RT-PCR was performed by isolating RNA and producing cDNA as described above from embryos at the indicated stages. The resultant cDNAs were used as templates to amplify small regions of the gene encompassing the alternatively-spliced exons.
The construct encoding the dominant-negative form of Arhgef11,
dhph, was generated so as to lack the DH and PH domains by
using the myc-tagged full-length `early' construct as a template to amplify
the protein-encoding regions directly 5' and 3' of the DH-PH
tandem, while inserting an XhoI site in its place with the following
primers: 5'-CGCTCGAGTAATATGTGCGGCTCCACTG-3' and
5'-CGCTCGAGTCTGCCGATCAGTCAGAAGG-3'. This site was then used to
ligate the fragments together without the DH and PH domains.

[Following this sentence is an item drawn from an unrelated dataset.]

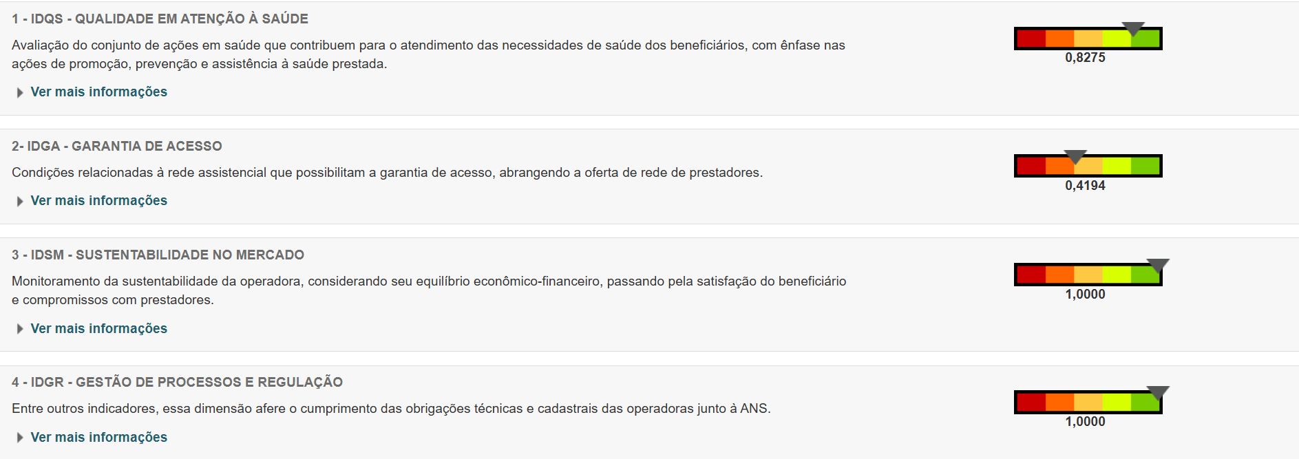 Os resultados da avaliação das operadoras são traduzidos pelo Índice de Desempenho da Saúde Suplementar (IDSS). O IDSS é composto por um conjunto de indicadores agrupados em quatro
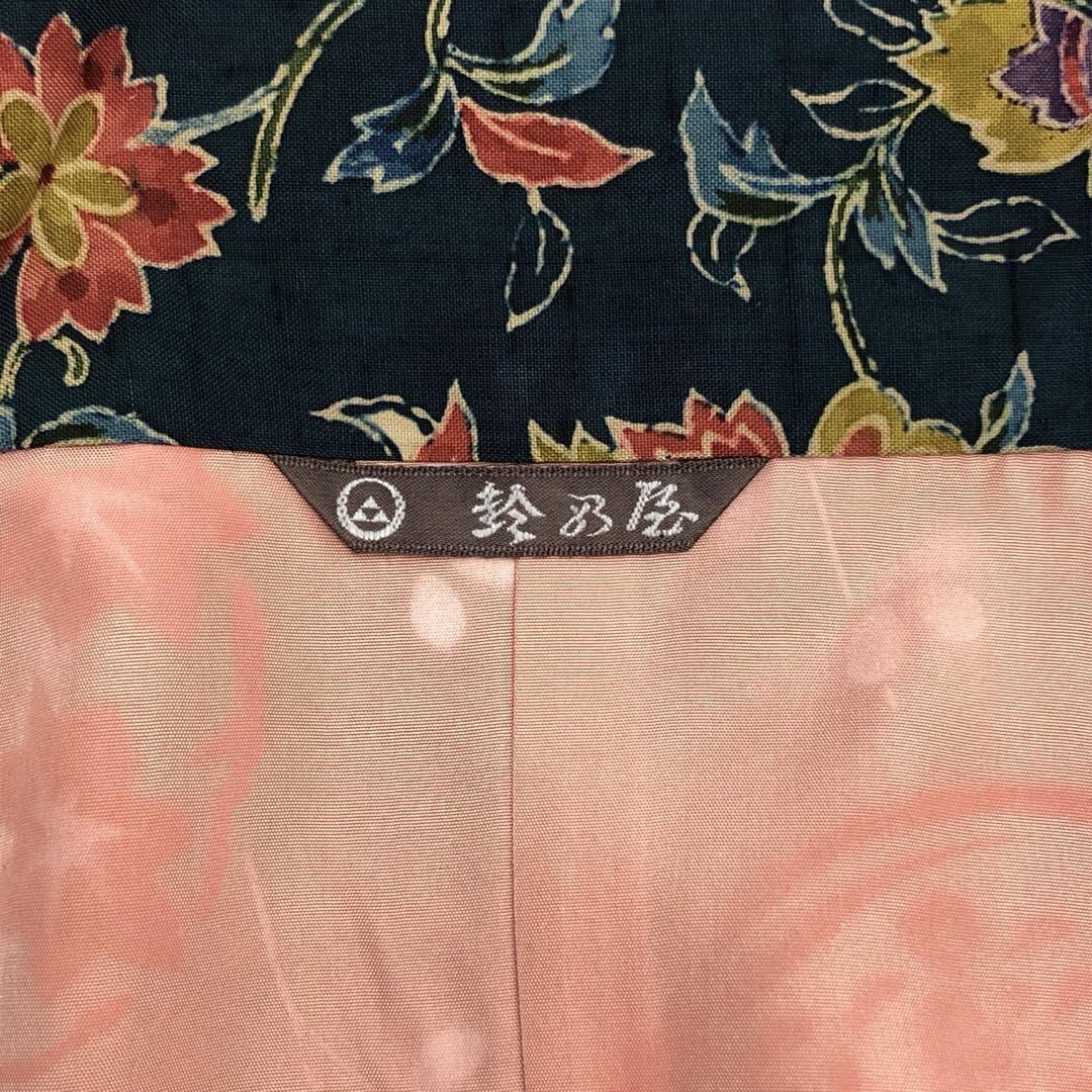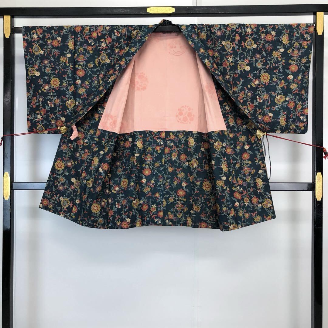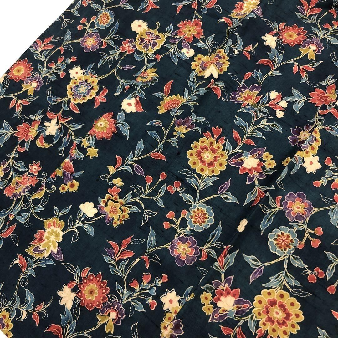 鉄納戸色の落ち着きのあるお色味の紬地に型染の花唐草模様の柄裄がデザインされた素敵なお品でございます。

The arhgef11 full-length gene sequence reported in this paper has been deposited in GenBank under the accession number AY295347.
In situ hybridization
Sense and antisense probes for arhgef11 were made with
digoxigenin-labeled NTPs (Roche) using pCS2-arhgef11 constructs
linearized with NotI or EcoRI as templates for RNA synthesis
with SP6 or T7 RNA polymerases, respectively. Antisense probes for
southpaw (spaw) (Long et
al., 2003), pitx2
(Tsukui et al., 1999),
cardiac myosin light chain 2 (cmlc2; myl7 -
Zebrafish Information Network) (Yelon et
al., 1999) and preproinsulin (ins)
(Milewski et al., 1998) were
prepared as described previously. Embryos were fixed at the stages indicated
and processed essentially as previously described
(Thisse and Thisse, 1998).
Some of the stained embryos were embedded in a solution of 1.2% agarose, 30%
sucrose and cryosectioned using a Leica CM1900.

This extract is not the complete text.